--- Material provided ---
..............................
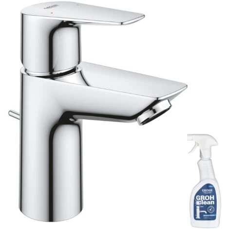 Supprimez traces de calcaire et de saleté sans agresser la surface de votre robinetterie avec le nettoyant Grohe GrohClean.
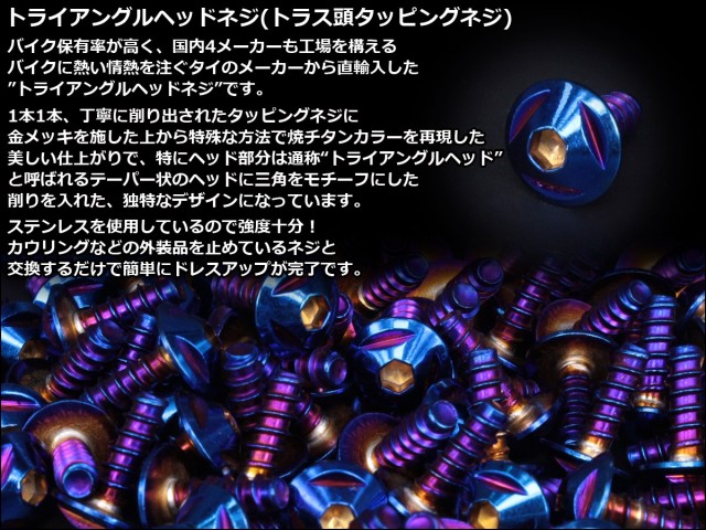 M4×12mm トライアングルヘッドネジ タッピングネジ ステンレス 削り出し トラス頭 焼チタンカラー TC0101 【メール便可】
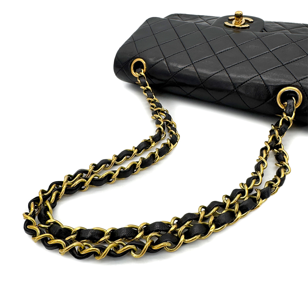 CHANEL VINTAGE CLASSIC FLAP SMALL CHAIN SHOULDER BAG BLACK LAMB SKIN 90284410
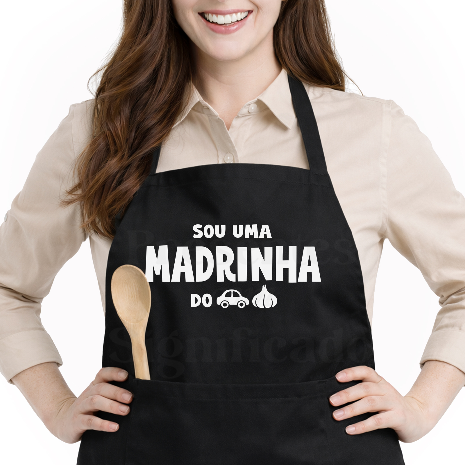Avental personalizado com bolso frontal, fitas ajustáveis nas costas e corte abaixo do joelho. Personalizado com frase "Sou uma Madrinha do c*r*lho".
..............................
--- Your goal ---
The answer must consist solely of the lines from the one with "CHANEL VINTAGE CLASSIC" through the final line of the data, each reproduced exactly and with pictures omitted.

--- Solution to this exercise ---
 CHANEL VINTAGE CLASSIC FLAP SMALL CHAIN SHOULDER BAG BLACK LAMB SKIN 90284410
Avental personalizado com bolso frontal, fitas ajustáveis nas costas e corte abaixo do joelho. Personalizado com frase "Sou uma Madrinha do c*r*lho".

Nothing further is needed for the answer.